Dégraissez le PIB pour sauver le climat! (4/4)

Puisqu’aujourd’hui, arrivé au bord du précipice climatique, tout le monde, même les milliardaires (sauf Trump) et leurs premiers de cordée, se déclare volontaire pour sauver la planète, qu’il nous soit permis d’émettre une proposition dans ce sens : sabrez le PIB pour sauver le climat.

Quatrième partie
Le PIB du désastre

Cela fait bien longtemps que le PIB, mesure officielle du progrès et du développement, n’est plus unanimement regardé comme l’équivalent du « bonheur » ou du « bien-être »; de fait, sa croissance n’arrive plus à concrétiser les promesses politiques d’un monde meilleur.
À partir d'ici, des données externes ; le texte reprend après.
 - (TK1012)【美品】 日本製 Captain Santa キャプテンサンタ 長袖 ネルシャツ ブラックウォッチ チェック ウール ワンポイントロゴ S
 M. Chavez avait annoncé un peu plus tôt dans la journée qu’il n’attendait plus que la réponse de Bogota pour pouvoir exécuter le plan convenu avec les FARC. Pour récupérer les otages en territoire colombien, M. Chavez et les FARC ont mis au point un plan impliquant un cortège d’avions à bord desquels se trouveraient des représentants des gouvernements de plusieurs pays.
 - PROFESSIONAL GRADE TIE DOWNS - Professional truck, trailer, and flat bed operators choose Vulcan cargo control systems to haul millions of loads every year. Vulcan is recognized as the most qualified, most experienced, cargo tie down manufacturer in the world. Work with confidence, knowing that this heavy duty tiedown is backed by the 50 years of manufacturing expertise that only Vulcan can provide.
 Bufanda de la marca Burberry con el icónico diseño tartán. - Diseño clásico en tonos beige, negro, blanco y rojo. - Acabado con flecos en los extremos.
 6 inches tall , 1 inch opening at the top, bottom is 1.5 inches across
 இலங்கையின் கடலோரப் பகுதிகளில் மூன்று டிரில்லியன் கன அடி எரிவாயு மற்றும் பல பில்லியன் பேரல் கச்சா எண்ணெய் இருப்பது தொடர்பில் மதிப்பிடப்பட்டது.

A la même époque où Nicholas Stern tentait de sauver le PIB des griffes du réchauffement climatique, un modeste professeur d’université provinciale, Jean Gadrey, devenait une célébrité nationale française en tordant le cou à ce même PIB et usait de sa science pour sabrer le dogme de la « croissance » à tout prix afin de sortir les pauvres de la pauvreté. Durant les années 2000, il approfondissait ses réflexions débutées au siècle passé, concentrait ses pensées iconoclastes et, aux petits matins de 2010, il libérait son esprit et tirait sa révérence au PIB avec un petit livre de rupture: « Adieu à la Croissance » (17). Puis il partait en croisade contre les croyances de sa caste sacerdotale. Mais, à quoi bon?

Tandis que les scientifiques multiplient les indices et modélisent la dégradation des milieux, la vitesse d’épuisement des sols, le niveau de pollution des eaux et l’effondrement de la biodiversité, est-il encore utile d’élaborer des critères économiques de mesure du bien-être?
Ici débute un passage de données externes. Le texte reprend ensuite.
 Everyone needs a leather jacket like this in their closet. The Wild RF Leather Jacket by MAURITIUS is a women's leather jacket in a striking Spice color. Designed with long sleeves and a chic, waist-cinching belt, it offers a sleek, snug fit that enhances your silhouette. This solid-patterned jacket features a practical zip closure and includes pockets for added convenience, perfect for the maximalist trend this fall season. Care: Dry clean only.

Au seuil du précipice climatique, n’est-il pas temps de trancher plus avant la question? S’il est juste de déchirer le voile de mensonges tissés par les économistes, il apparaît désormais plus urgent de révéler d’emblée le dogme de la croissance du PIB dans son jus politique et sa logique militaire. Il fut, en effet, dans les années d’après-guerre, l’ordre et la bannière de mobilisation générale pour le saccage sans mauvaise conscience de la planète. N’est-il pas temps de le regarder comme la cause des catastrophes humanitaires et sanitaires actuelles? A quoi bon chercher d’autres indicateurs de bien-être ou de bonheur quand de toute évidence l’avenir s’assombrit de décennies en décennies depuis l’offensive néolibérale des années 1980 et donc bien avant que les scientifiques découvrent le dérèglement climatique.

Plutôt que d’élaborer d’autres indices économiques pour les substituer au PIB défectueux et mensonger, ne faut-il pas simplement ouvrir les yeux et partir du constat aujourd’hui évident que pour chaque point de PIB c’est non seulement tant de gigatonnes de CO2 larguées dans l’atmosphère jusqu’au dérèglement du système climatique mais aussi tant de millions d’hectares d’écosystème détruits à jamais, tant de milliards de tonnes de déchets toxiques que les barrages et les décharges n’arrivent plus à contenir, tant de milliards de tonnes de plastiques remplissant les océans et détruisant leur biodiversité, tant de déchets radioactifs qu’aucune décharge ne peut sécuriser, tant de cancers et autres « maladies de civilisation », bref tant de catastrophes sanitaires et humanitaires désormais en croissance et sans solutions?

Aux dernières nouvelles de cette comptabilité macabre, en 2018, « The Lancet Commission on pollution and health » chiffrait à 9 millions le nombre de morts prématurées liées à la pollution et précisait que cet exploit (du PIB) représente « trois fois plus que les morts réunis du sida, de la tuberculose et de la malaria » (18). Ainsi, on sait que le PIB s’avère désormais plus mortifère à l’échelle de la planète que les microbes des trois grandes pandémies.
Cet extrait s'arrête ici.